▶ [Entries shown]:
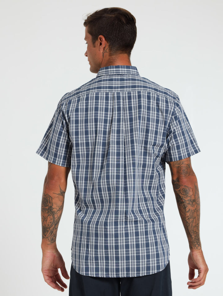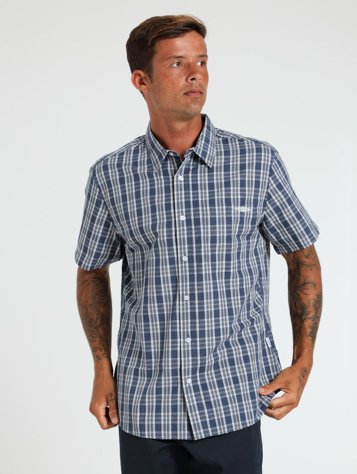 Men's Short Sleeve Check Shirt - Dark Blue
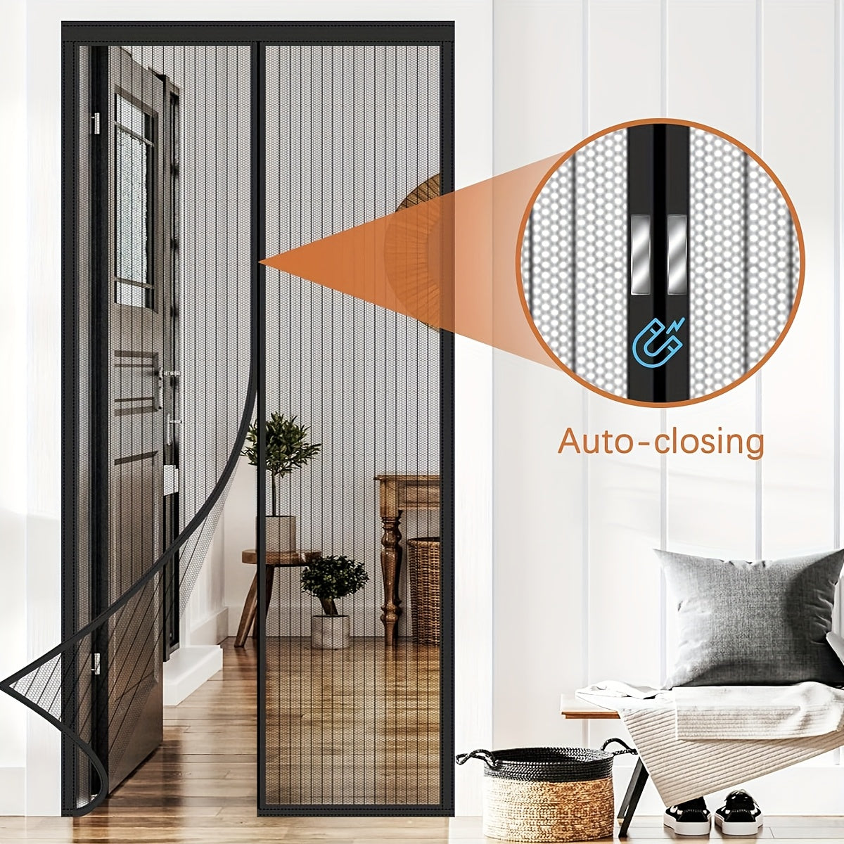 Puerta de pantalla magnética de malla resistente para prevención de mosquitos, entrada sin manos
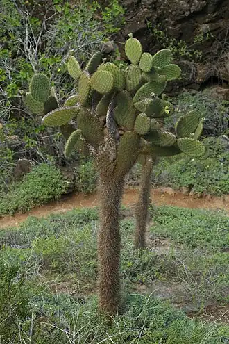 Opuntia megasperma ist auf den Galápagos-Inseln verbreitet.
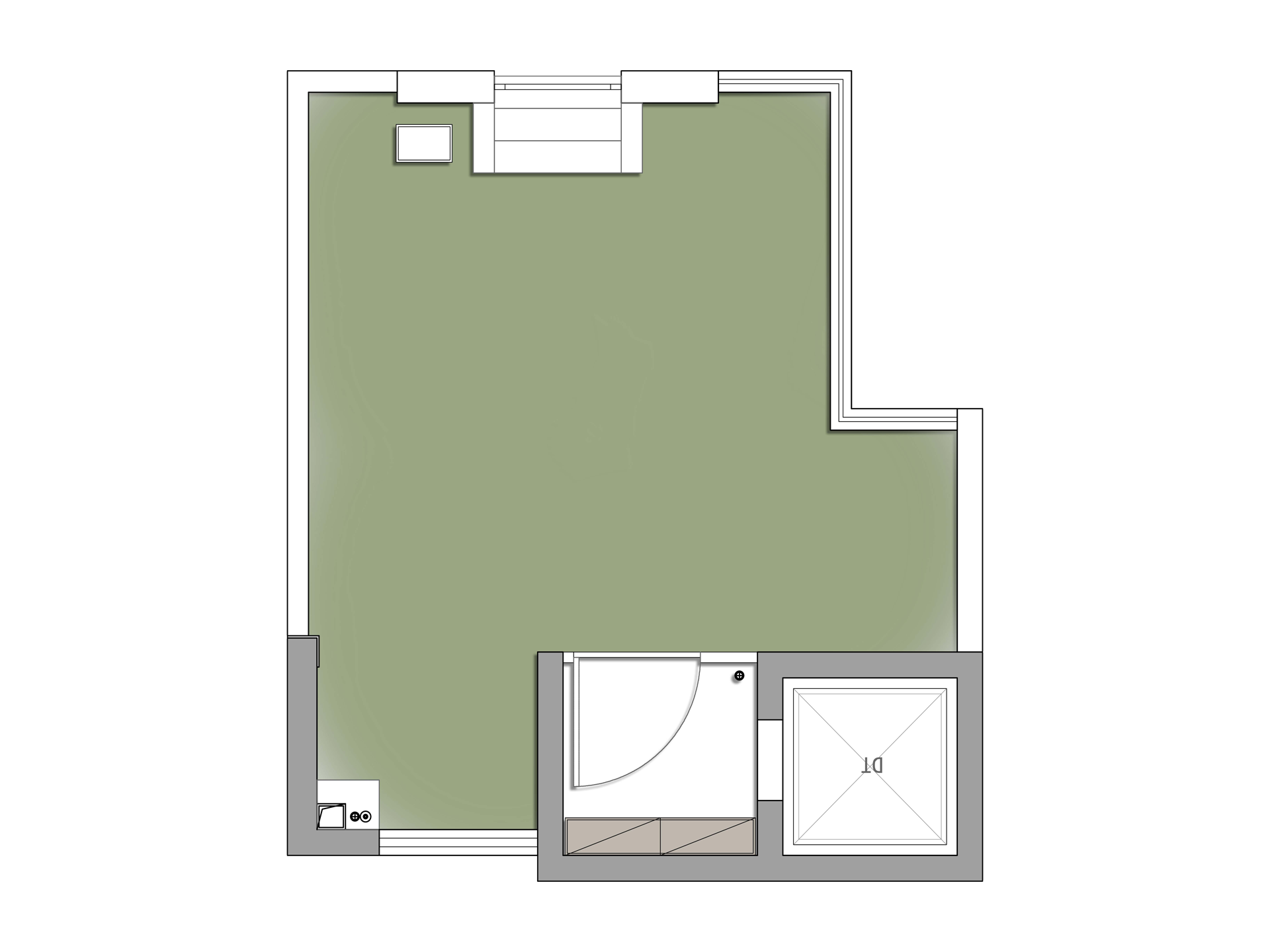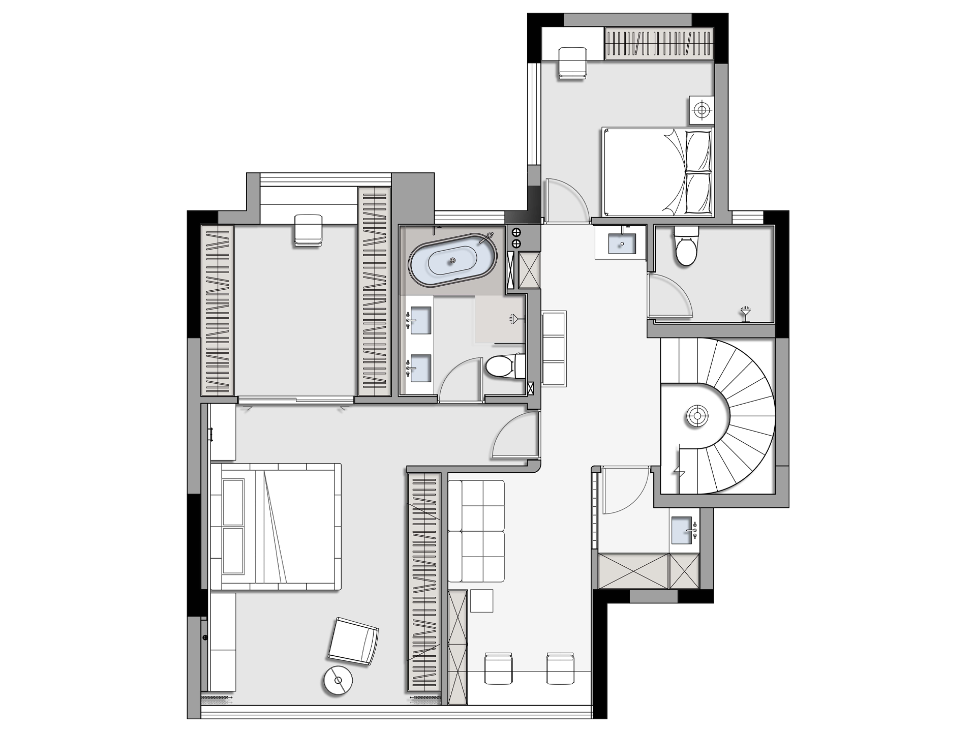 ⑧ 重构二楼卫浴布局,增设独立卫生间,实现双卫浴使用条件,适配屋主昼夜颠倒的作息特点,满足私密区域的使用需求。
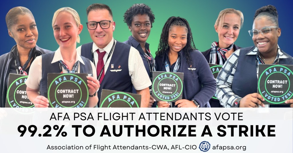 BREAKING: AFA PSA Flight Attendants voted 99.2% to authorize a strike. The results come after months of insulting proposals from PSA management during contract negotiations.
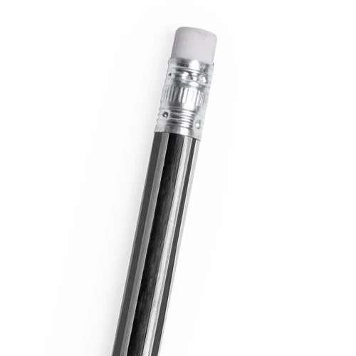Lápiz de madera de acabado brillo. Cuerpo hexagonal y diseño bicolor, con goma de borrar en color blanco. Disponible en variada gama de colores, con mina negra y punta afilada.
---
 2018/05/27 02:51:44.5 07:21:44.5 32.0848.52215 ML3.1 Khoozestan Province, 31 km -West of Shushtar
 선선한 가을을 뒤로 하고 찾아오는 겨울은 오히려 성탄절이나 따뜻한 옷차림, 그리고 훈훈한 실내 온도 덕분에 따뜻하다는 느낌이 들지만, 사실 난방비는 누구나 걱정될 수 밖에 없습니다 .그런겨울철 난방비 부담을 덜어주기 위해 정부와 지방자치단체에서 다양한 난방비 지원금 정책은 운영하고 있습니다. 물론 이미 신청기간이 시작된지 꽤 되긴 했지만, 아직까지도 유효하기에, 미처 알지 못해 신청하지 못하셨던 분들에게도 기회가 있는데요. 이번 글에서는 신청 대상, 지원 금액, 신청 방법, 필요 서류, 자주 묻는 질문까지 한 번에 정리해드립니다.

▶ [Exercise aim]: Reproduce the entries above exactly, but only the lines between the line holding "2018/05/27 02:51:44.5 07:21:44.5" and the line holding "선선한 가을을 뒤로 하고", inclusive.

▶ [Solved exercise]:
 2018/05/27 02:51:44.5 07:21:44.5 32.0848.52215 ML3.1 Khoozestan Province, 31 km -West of Shushtar
 선선한 가을을 뒤로 하고 찾아오는 겨울은 오히려 성탄절이나 따뜻한 옷차림, 그리고 훈훈한 실내 온도 덕분에 따뜻하다는 느낌이 들지만, 사실 난방비는 누구나 걱정될 수 밖에 없습니다 .그런겨울철 난방비 부담을 덜어주기 위해 정부와 지방자치단체에서 다양한 난방비 지원금 정책은 운영하고 있습니다. 물론 이미 신청기간이 시작된지 꽤 되긴 했지만, 아직까지도 유효하기에, 미처 알지 못해 신청하지 못하셨던 분들에게도 기회가 있는데요. 이번 글에서는 신청 대상, 지원 금액, 신청 방법, 필요 서류, 자주 묻는 질문까지 한 번에 정리해드립니다.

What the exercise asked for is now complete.